The Most Special Moment

I was unprepared, despite my expectations, for the Western Wall.

Early in 2018, I decided to travel to the Holy Land — Israel and Palestine. Like many travellers who are also writers, I had high hopes of what I would be able to capture of my impressions and thoughts on this first visit. I’m a Christian (specifically, an Anglican) lay reader with some Jewish ancestry. So I knew I had a lot of baggage. I hoped to set aside my expectations and so be open to what I would be experiencing. Not easy. Stepping into pilgrimage mode is already to be immersed in a vast tradition of expectations. Travelling with a cloud of witnesses whose sight has been heavily influenced by their previous experience and by their personal and collective hopes and dreams and fears and tentative or bold longings. It would be impossible not to have expectations, even if those stand squarely in the way of genuine experience.

Yet only when we lay down our expectations can we be open to what’s really happening. Near the eve of my departure, my Jewish friend W told me she found herself in tears at the Church of the Holy Sepulchre. I think this was in part because she didn’t have expectations of what she would find there.

And I was unprepared, despite my expectations, for the Western Wall.

I’d known I would visit it. I’d been reading two different books on the history of Jerusalem. I knew the Wall was the traditional focus for devout Jews, both pilgrims and local people, and I knew I wanted to come and pray there, too, in a more or less traditional way. I knew enough to bring prayers with me written on tiny slips of paper, I brought them for friends and I brought my own. When our leader invited us for an “evening walk,” he didn’t say we would go there, but I brought the written prayers. I carried them forward among the women who were praying, I moved somewhat tentatively and with reverence and determination, finding places to put them among the bits of paper crammed into the chinks between the ancient stones. I’m tall and so I reached up and found room for those prayers. Then I backed away carefully, among the other women who had come, not turning my back on this holy site.

Two days later, early in the morning, our local guide brought the whole group again to the Wall.  She told us that some Jews believe that all prayers come here before ascending to God.  

This conflation of geography and devotion seems to open a line of thought in itself, doesn’t it?  We Christians pray in churches where the altar is said to be at the East end no matter what the actual position of the church, so there is some deep shared tradition here.  Yet the trajectory of prayer–or the other idea that when the little papers are taken out of the chinks in the wall, they are buried on the Mount of Olives where they will continue being prayed in eternity–these notions seem to obscure as much of the truth as they reveal. So I took her words in, and also set them somewhat to the side. Marked for further notice.

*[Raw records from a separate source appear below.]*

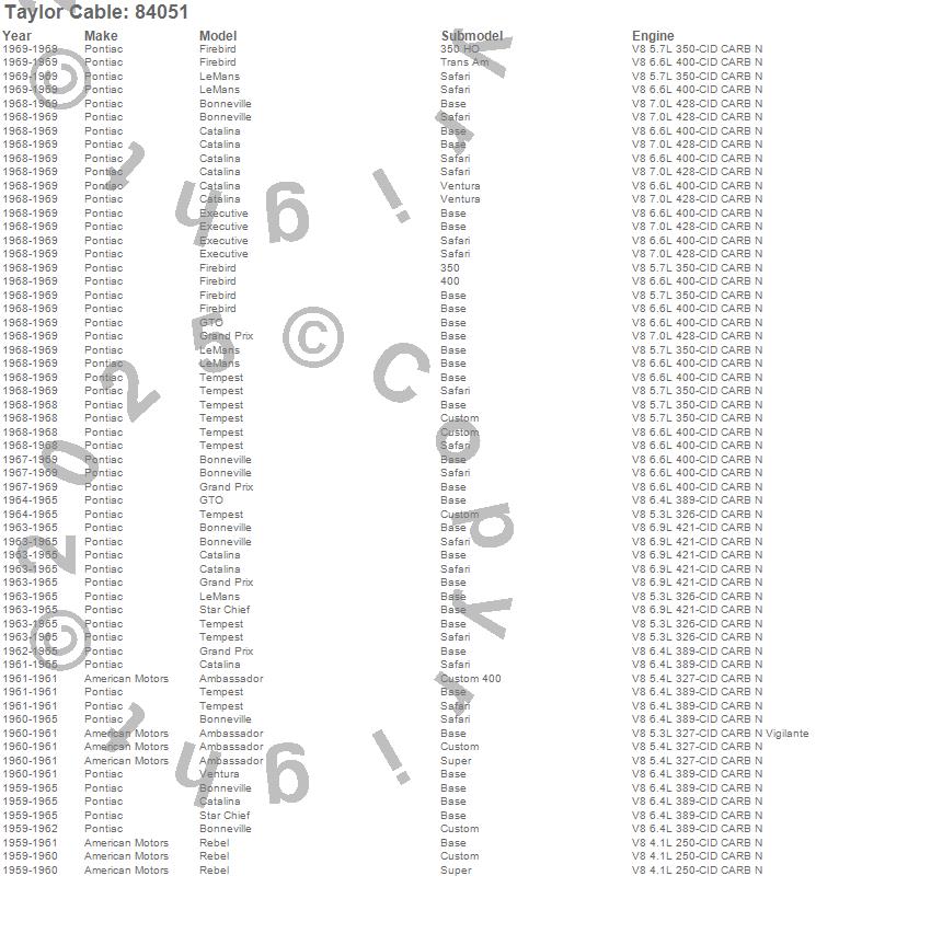 Ambassador, Bonneville, Catalina, Catalina Ventura, Executive, Firebird, Grand Prix, GTO, LeMans, Rebel, Safari, Star Chief, Tempest, Ventura, American Motors, Pontiac, 1969, 1968, 1967, 1965 more…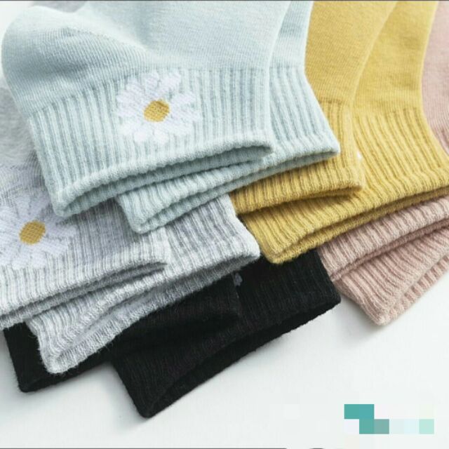 • cùng với mẫu giày hoa cúc đang làm trend trên thị trường nửa đầu 2020 thì tất bông cúc họa my cũng là một sản phẩm vô cùng hot a. • với chất liệu tới 85% cotton, 15 % còn lại là các sợi nhân tạo, tất co dãn đàn hồi 4 chiều. Thấm hút mồ hôi chân tốt. • 1 combo sẽ gồm 5 đôi đủ màu : đen, hồng nhạt, xanh nhạt, hồng đậm và xám (y hình) • Cam kết sai hàng hoàn tiền.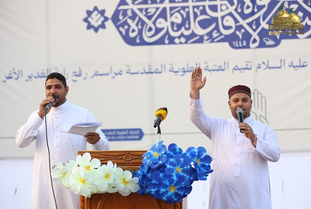 وشهد الحفل مراسم رفع راية الغدير وسط أجواء ولائية مباركة، كما تخلل الحفل إلقاء عدّة كلمات، وكان من بينها كلمة فضيلة الشيخ عماد الكاظمي بيّن خلالها أهمية يوم الغدير الأغر وعظمته وما جرى فيه وما صدر من نبي الإسلام محمد "صلى الله عليه وآله وسلم" في حقّ الإمام علي وأهل بيته "عليهم السلام" الأمر الذي لا يختلف عليه المُسلمَين، وهو مما يعترف به المخالف والمؤالف.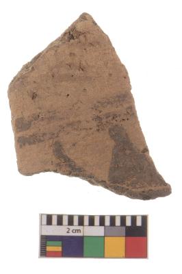 | Description / विवरण | Specimen of black on red ware with black decorative Joint triangles geometric painting. |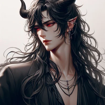 His name was Balthazar, in his human form he was 6'5 feet tall. His long hair is black, his face is handsome, his eyes are red, his horns are long and his wings are very big. He is very calm and wise, yet he will not give up on something he likes or wants. He is evil, strong, cruel, muscular and intelligent. He likes two genders, but he prefers a man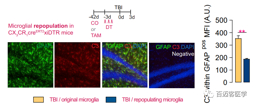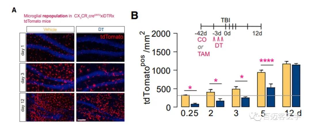 圖2A.遺傳模型鼠在停止注射DT和TBI后 小膠質(zhì)細(xì)胞(紅色)的再生

I went to the Wall again, and then came back to the place from which I took this photo.  I had ten minutes to spare.  I found a little group of those ubiquitous white plastic stacking armchairs that seem to populate the whole world, and sat down in one of them. I didn’t need to do anything at all.

Sitting there, in the silence of the beautiful morning, watching people move deliberately towards and away from that so-revered wall of gigantic stones, aware that my fellow pilgrims were together in the distance, chatting, I was content to inhabit the moment. I took up very delicately the notion that prayers from all over the world were flooding forward and rising into the heavens.  Like a vast river of love and desire, a river of connection and conviction and hope and need.  I was empty of the need to “pray” any particular intercessions. In fact, I found the notion of prayer as “something to do,”–and I am a person who relishes lists of things to do, and for years have kept a running list of prayer requests and people to pray for in the back of my journal–remarkably meaningless. In its place was a delicious freedom from any obligation besides being present.  In the context of the river of prayer, not “items” but connection between us and God, individual cares and concerns are truly insignificant. It is not that they are not worth our attention–my attention. I have given and will again in the future give loving attention to them, that did not change. What changed was the feeling that it was in any way a task, or a job, or a kind of work or obligation. 

I tried to describe this to a secular friend, and I found myself saying: “Well we know that light is both a wave and a particle, yes?  It seemed to me that prayer is also both a wave and a particle. The individual names, or things we pray about, are like particles, but if we only see them that way–names on a list, pieces of paper–we lose sight of the wave. We separate them from what they really are.”

For that moment I feel the lightness of being without obligation in regard to prayer. Knowing it only as participation.  I wanted to remember this forever. I took this photo, in the hope that I would remember being not simply in this place but in this state of mind.